**** Dataset excerpts

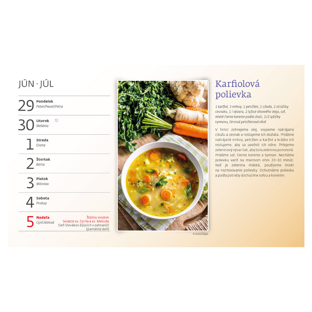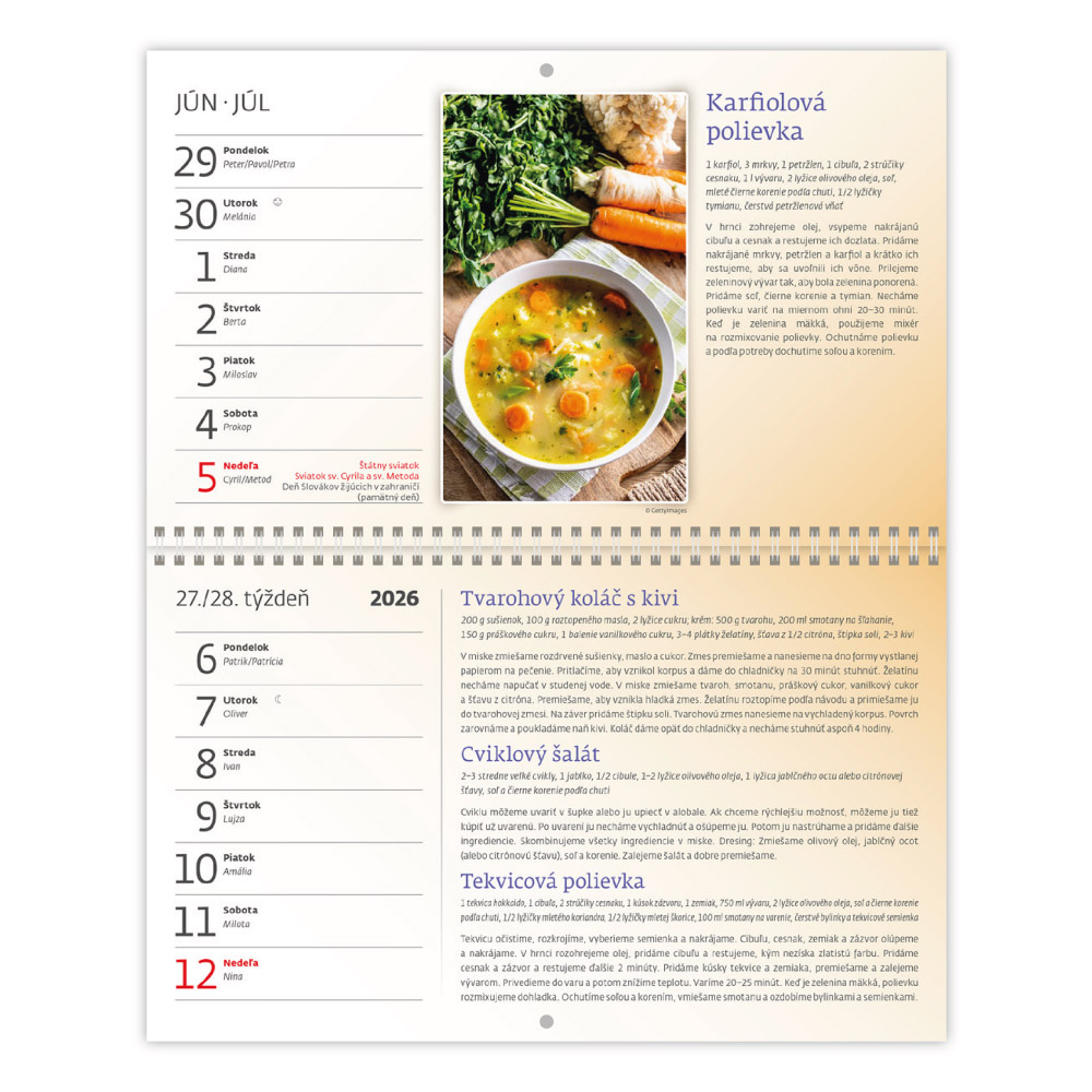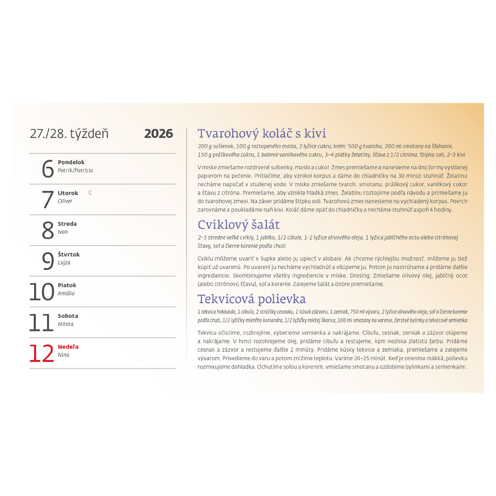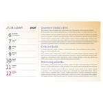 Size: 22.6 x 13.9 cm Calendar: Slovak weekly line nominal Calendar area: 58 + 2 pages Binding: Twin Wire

********
**** Dataset excerpts

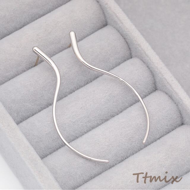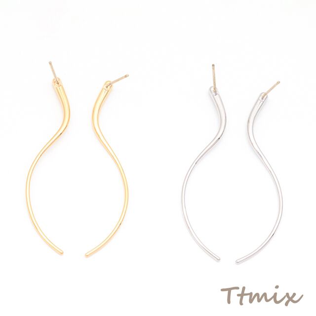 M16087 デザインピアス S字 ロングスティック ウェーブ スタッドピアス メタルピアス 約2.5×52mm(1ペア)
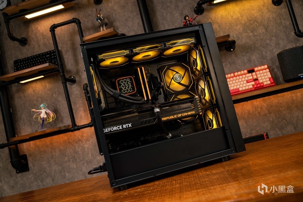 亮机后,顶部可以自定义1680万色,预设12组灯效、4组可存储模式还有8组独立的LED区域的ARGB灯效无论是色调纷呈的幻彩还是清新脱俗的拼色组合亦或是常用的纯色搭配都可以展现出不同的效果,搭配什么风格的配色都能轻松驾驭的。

********

Assignment -> Out of the records above, set down only the lines from the one that contains "M16087 デザインピアス S字" through the one that contains "亮机后,顶部可以自定义168", unchanged and without the pictures.

Written solution ->
 M16087 デザインピアス S字 ロングスティック ウェーブ スタッドピアス メタルピアス 約2.5×52mm(1ペア)
 亮机后,顶部可以自定义1680万色,预设12组灯效、4组可存储模式还有8组独立的LED区域的ARGB灯效无论是色调纷呈的幻彩还是清新脱俗的拼色组合亦或是常用的纯色搭配都可以展现出不同的效果,搭配什么风格的配色都能轻松驾驭的。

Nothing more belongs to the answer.